■ EXERCISE ■
Exact copies of the lines below, from the one with "Performers in different" up to and including the one with "Calvin Klein szorty", are what this calls for; leave out pictures.

■ GIVEN INFORMATION ■
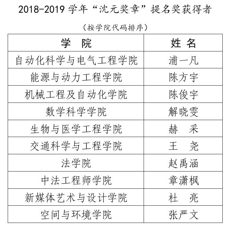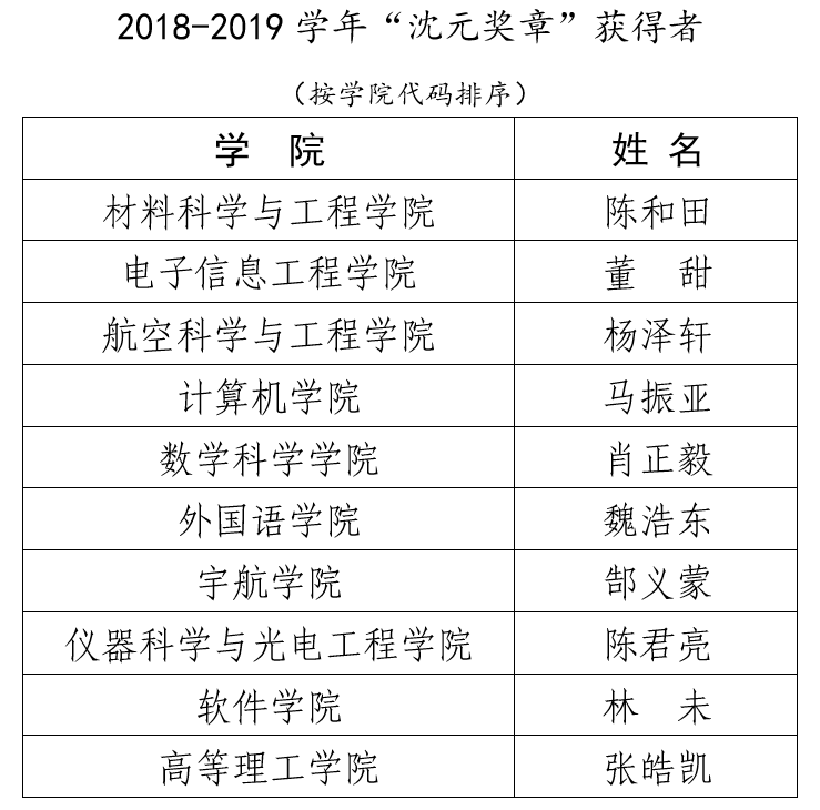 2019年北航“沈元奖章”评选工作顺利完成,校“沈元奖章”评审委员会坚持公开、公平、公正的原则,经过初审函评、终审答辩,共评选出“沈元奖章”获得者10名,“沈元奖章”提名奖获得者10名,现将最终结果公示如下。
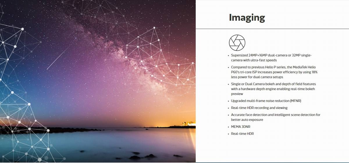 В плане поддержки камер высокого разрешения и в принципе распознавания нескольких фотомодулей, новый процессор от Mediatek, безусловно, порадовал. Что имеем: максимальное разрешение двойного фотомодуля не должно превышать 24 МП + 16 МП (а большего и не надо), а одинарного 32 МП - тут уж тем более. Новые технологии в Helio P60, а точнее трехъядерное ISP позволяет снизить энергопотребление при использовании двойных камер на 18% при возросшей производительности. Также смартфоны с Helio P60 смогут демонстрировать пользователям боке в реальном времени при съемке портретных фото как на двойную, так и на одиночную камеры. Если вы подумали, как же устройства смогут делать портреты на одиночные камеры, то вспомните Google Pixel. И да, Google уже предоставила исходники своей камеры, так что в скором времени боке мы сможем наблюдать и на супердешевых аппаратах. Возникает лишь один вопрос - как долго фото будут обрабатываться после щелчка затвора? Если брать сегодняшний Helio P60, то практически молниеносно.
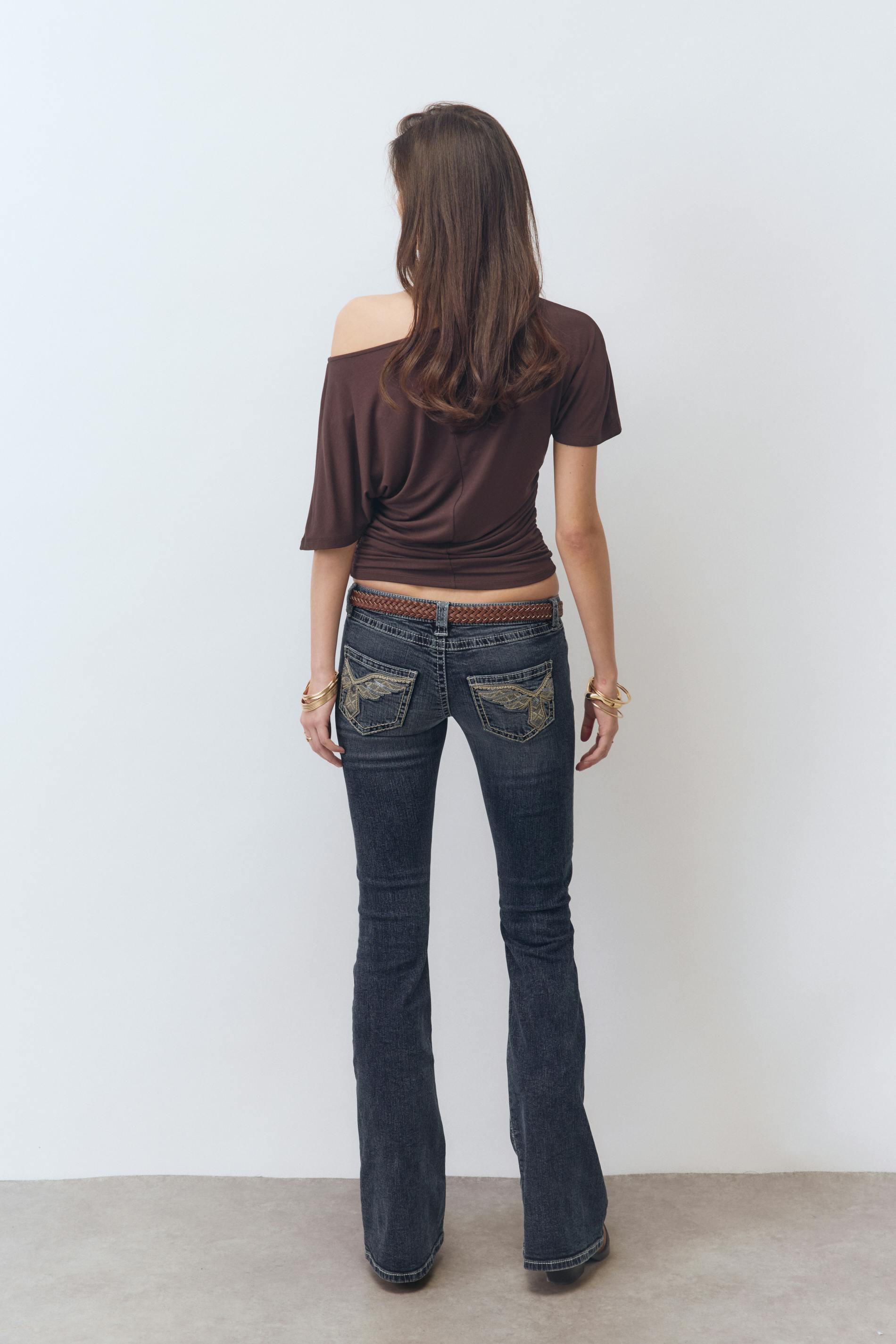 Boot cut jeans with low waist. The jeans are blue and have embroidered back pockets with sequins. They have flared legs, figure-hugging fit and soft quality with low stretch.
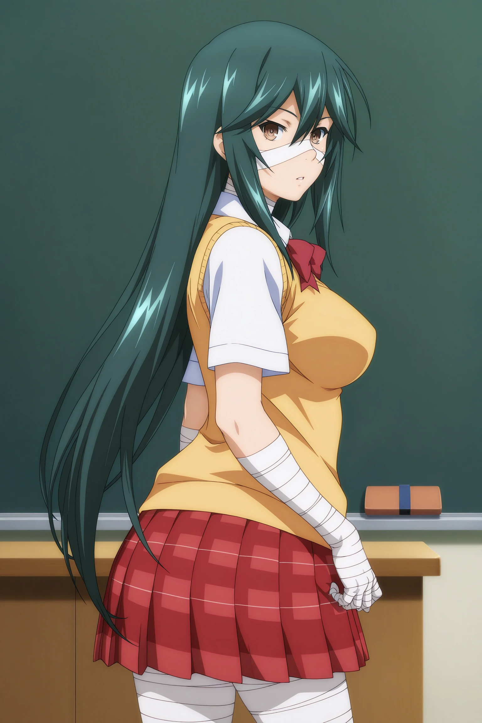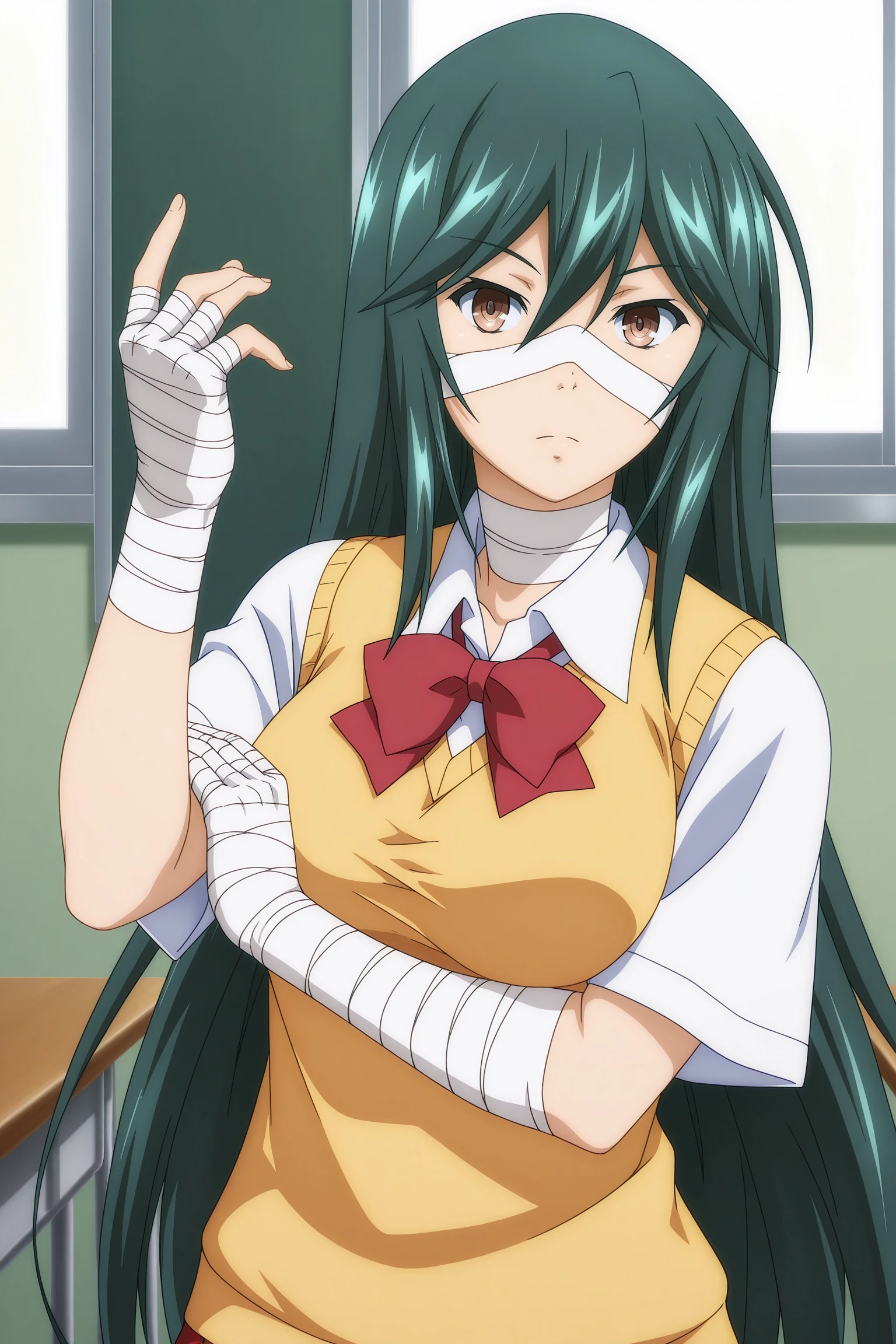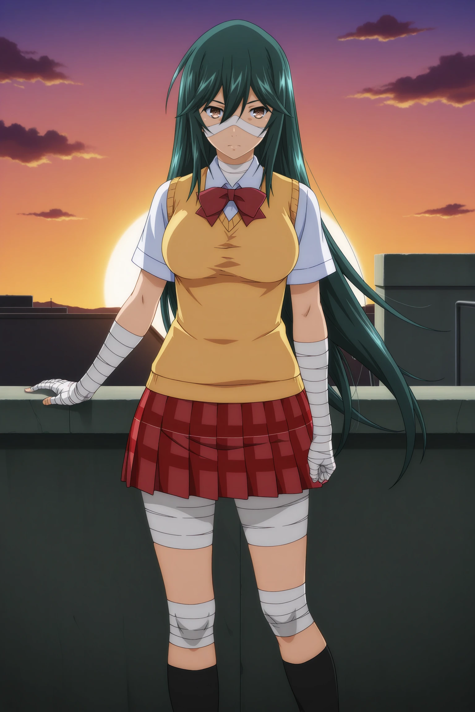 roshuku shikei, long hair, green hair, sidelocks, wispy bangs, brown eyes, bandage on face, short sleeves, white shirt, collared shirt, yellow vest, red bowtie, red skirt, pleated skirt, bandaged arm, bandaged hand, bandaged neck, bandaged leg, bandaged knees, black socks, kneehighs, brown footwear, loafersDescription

---

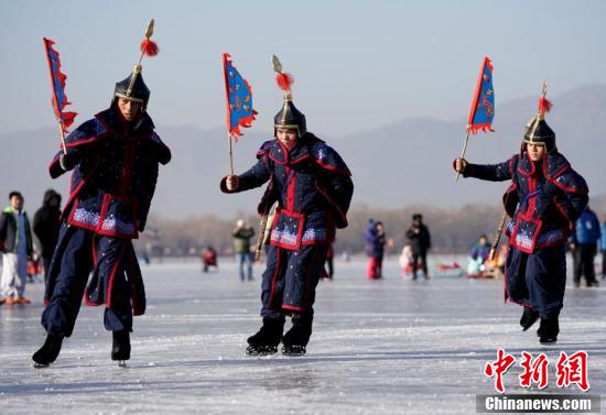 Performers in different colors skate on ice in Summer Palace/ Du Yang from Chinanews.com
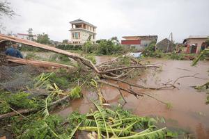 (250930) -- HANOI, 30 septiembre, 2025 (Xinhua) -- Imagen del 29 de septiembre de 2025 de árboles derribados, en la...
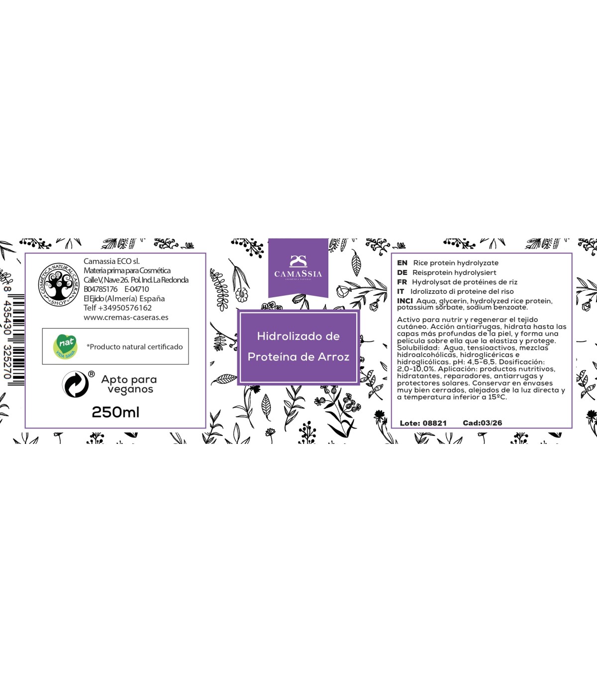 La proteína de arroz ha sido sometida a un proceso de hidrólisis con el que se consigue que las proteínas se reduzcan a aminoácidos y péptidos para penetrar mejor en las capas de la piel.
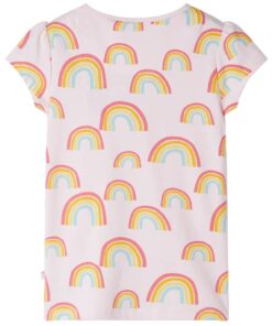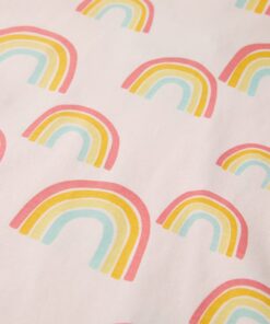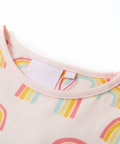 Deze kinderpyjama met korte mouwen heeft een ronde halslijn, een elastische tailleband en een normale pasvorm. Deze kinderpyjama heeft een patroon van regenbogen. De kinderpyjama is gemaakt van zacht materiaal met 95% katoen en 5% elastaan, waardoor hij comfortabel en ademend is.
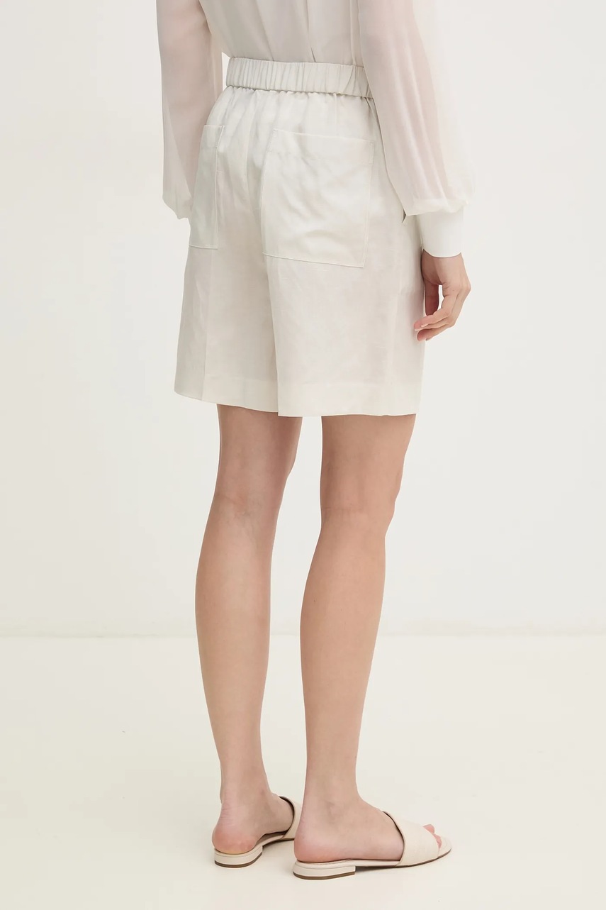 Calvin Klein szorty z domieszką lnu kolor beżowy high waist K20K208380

==

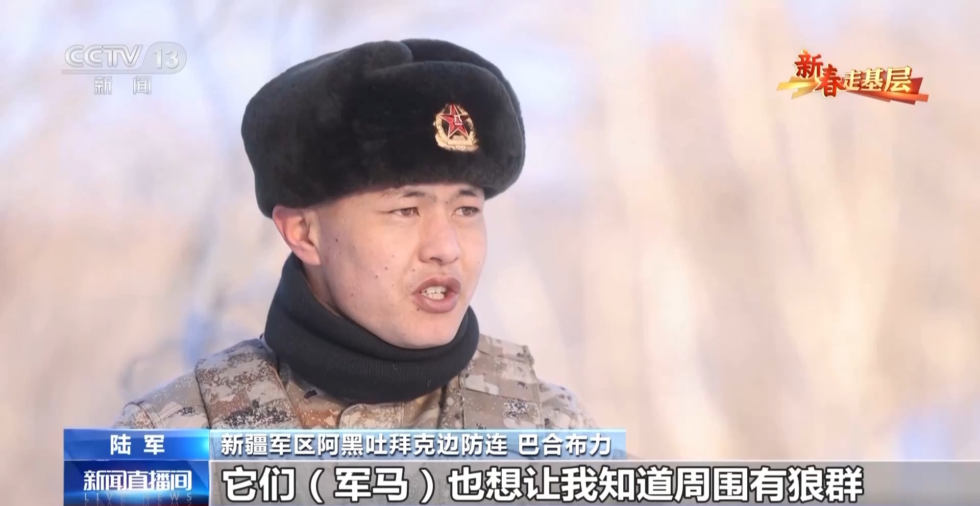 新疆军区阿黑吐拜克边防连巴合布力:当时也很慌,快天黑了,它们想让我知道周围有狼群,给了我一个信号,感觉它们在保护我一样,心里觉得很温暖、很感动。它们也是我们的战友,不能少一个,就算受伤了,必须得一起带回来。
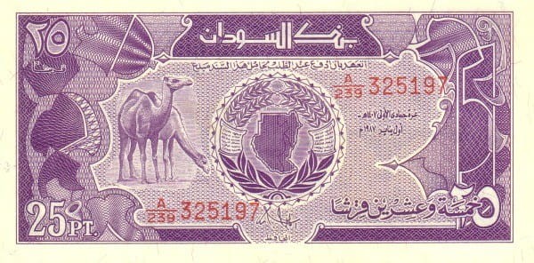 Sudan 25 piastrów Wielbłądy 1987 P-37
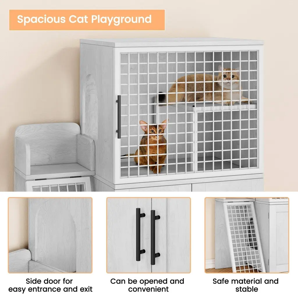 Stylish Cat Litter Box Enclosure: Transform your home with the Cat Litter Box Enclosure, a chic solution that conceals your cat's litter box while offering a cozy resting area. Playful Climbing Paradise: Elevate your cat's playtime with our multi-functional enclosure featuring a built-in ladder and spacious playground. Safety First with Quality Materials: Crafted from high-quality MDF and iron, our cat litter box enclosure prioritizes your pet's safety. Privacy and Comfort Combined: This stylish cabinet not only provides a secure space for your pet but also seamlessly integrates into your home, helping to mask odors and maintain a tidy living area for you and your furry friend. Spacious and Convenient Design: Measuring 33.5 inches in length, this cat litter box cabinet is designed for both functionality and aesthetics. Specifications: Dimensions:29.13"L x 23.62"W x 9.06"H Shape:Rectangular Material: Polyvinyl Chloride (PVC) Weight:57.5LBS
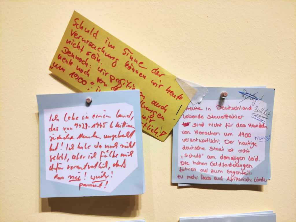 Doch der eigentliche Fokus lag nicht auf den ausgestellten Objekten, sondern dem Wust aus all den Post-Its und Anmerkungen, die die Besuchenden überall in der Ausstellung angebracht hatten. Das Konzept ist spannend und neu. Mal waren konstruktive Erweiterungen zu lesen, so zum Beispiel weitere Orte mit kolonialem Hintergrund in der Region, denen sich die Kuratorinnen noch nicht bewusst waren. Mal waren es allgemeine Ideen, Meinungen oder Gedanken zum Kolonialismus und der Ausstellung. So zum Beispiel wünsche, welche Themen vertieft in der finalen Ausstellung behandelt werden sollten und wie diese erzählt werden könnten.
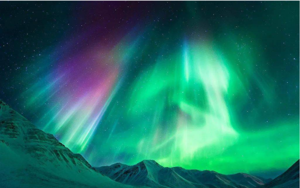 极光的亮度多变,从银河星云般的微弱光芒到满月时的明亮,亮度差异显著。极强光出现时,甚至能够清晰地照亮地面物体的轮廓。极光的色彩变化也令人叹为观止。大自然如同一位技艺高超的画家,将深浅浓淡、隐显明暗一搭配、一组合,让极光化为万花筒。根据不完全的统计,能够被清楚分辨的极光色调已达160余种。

■ FINISHED TASK ■
 Performers in different colors skate on ice in Summer Palace/ Du Yang from Chinanews.com
 (250930) -- HANOI, 30 septiembre, 2025 (Xinhua) -- Imagen del 29 de septiembre de 2025 de árboles derribados, en la...
 La proteína de arroz ha sido sometida a un proceso de hidrólisis con el que se consigue que las proteínas se reduzcan a aminoácidos y péptidos para penetrar mejor en las capas de la piel.
 Deze kinderpyjama met korte mouwen heeft een ronde halslijn, een elastische tailleband en een normale pasvorm. Deze kinderpyjama heeft een patroon van regenbogen. De kinderpyjama is gemaakt van zacht materiaal met 95% katoen en 5% elastaan, waardoor hij comfortabel en ademend is.
 Calvin Klein szorty z domieszką lnu kolor beżowy high waist K20K208380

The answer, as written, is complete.